La Pologne, elle, répète ne pas vouloir céder à ce chantage humanitaire, alors qu'à Bruxelles, les autorités européennes disent espérer tenir des discussions techniques avec les agences de l'ONU pour aborder le rapatriement des migrants.

"Habituellement, nous ne commentons pas les propos de Monsieur Loukachenko, car beaucoup de ces propos n'ont rien à voir avec la réalité. Mais nous avons été très, très clairs en disant ces derniers jours ce que nous allons faire en ce qui concerne l'assistance de l'UE, notre possible contribution à la résolution de cette crise créée artificiellement."

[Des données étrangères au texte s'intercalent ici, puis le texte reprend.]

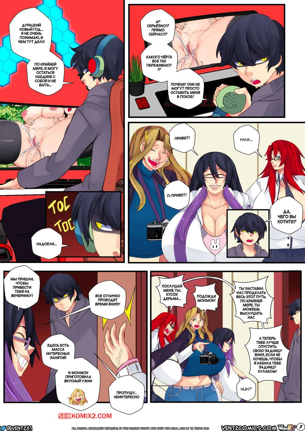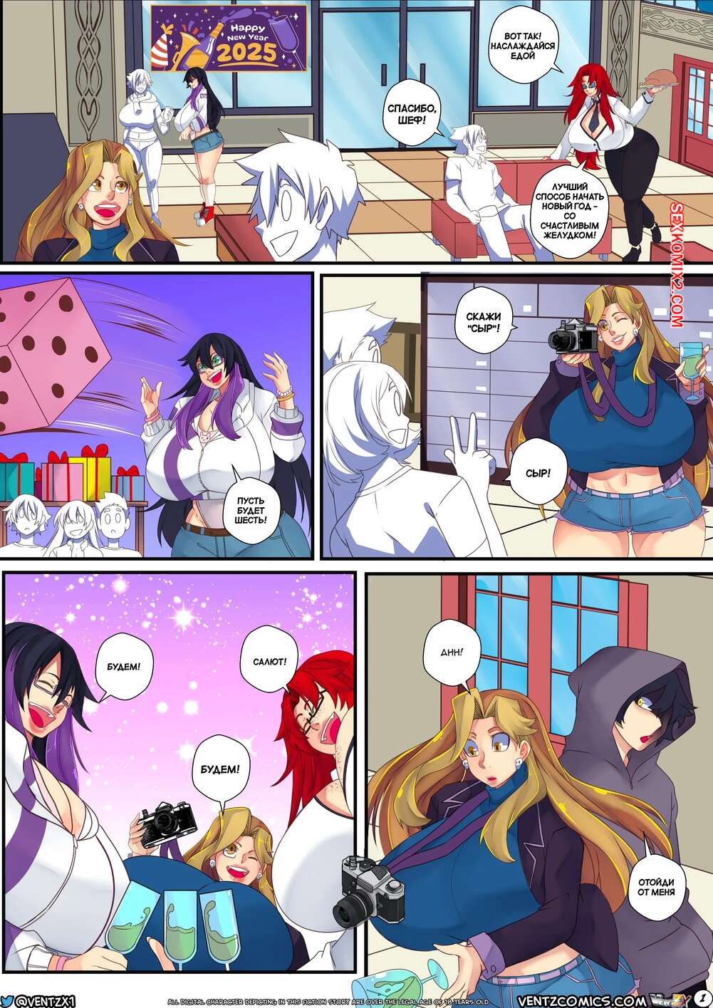 Порно комикс Озорная новогодняя ночь. Naughty New Years Eve. Ventz Comics. Три возбужденные милфы решили повеселиться с молодым пареньком. Они разделись и отсосали его большой хуй, после чего раздвинули ножки и дали себя хорошенько выебать.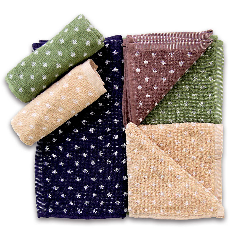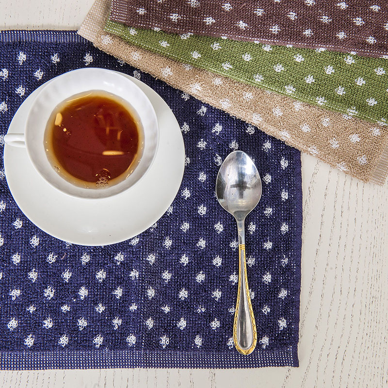 Натуральные махровые пестротканные салфетки в четырех цветах: темно-синий, шоколадный, оливковый, в белый горошек из экологически чистого 100% хлопка, в упаковке 12 шт.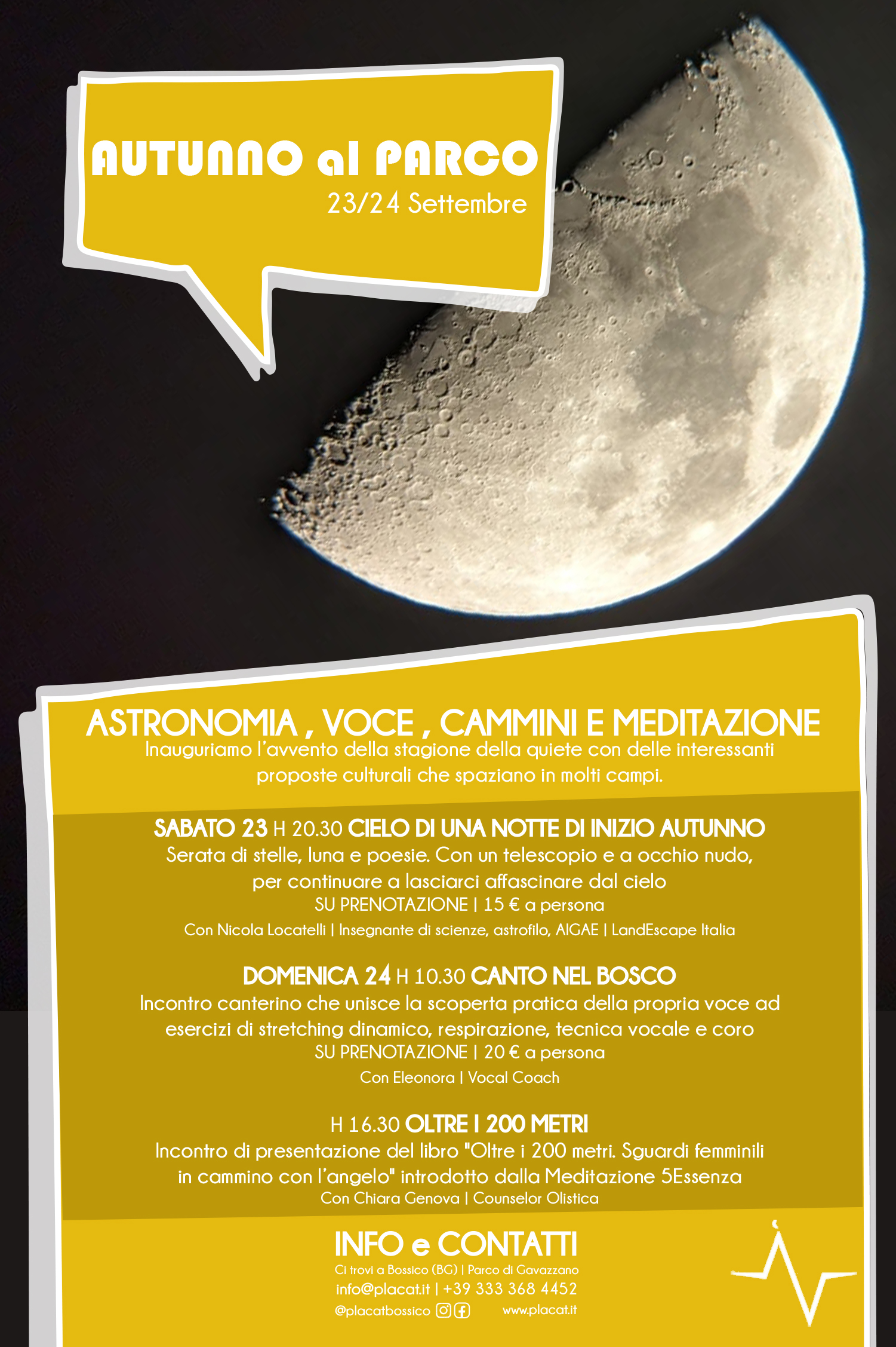 Si inaugura l’avvento della stagione della quiete con delle interessanti proposte culturali che spaziano in molti campi: astronomia, voce, cammini e meditazione.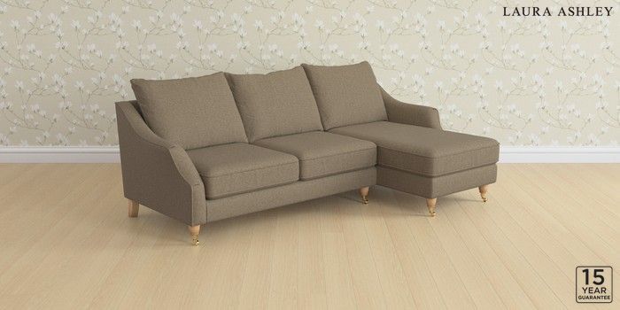 7.3.1 Buy Beverley by Laura Ashley Medium Sofa Chaise - Right Hand Harley Truffle Natural Low Brass Castor - Light Oak from the Next UK online shop Click here to use our accessible website

Sur Euronews, la commissaire européenne aux affaires intérieures Ylva Johansson a répété pour sa part qu'elle souhaitait que la Pologne permette aux organisations humanitaires d'accéder à cette zone frontalière :

"J'ai demandé au gouvernement polonais d'être plus transparent. Je pense qu'il y a vraiment un problème de manque de transparence de ce qui se passe du côté polonais et aussi de manque d'accès pour des organisations comme le Haut Commissariat aux Réfugiés (UNHCR) et l'Organisation internationale pour les migrations (OIM)."

Pendant ce temps, les autorités du Bélarus ont diffusé des images de l'aide médicale apportée aux migrants qui, selon elles, ont été maltraités par les forces de sécurité polonaises après avoir franchi la frontière, ce que dément la Pologne.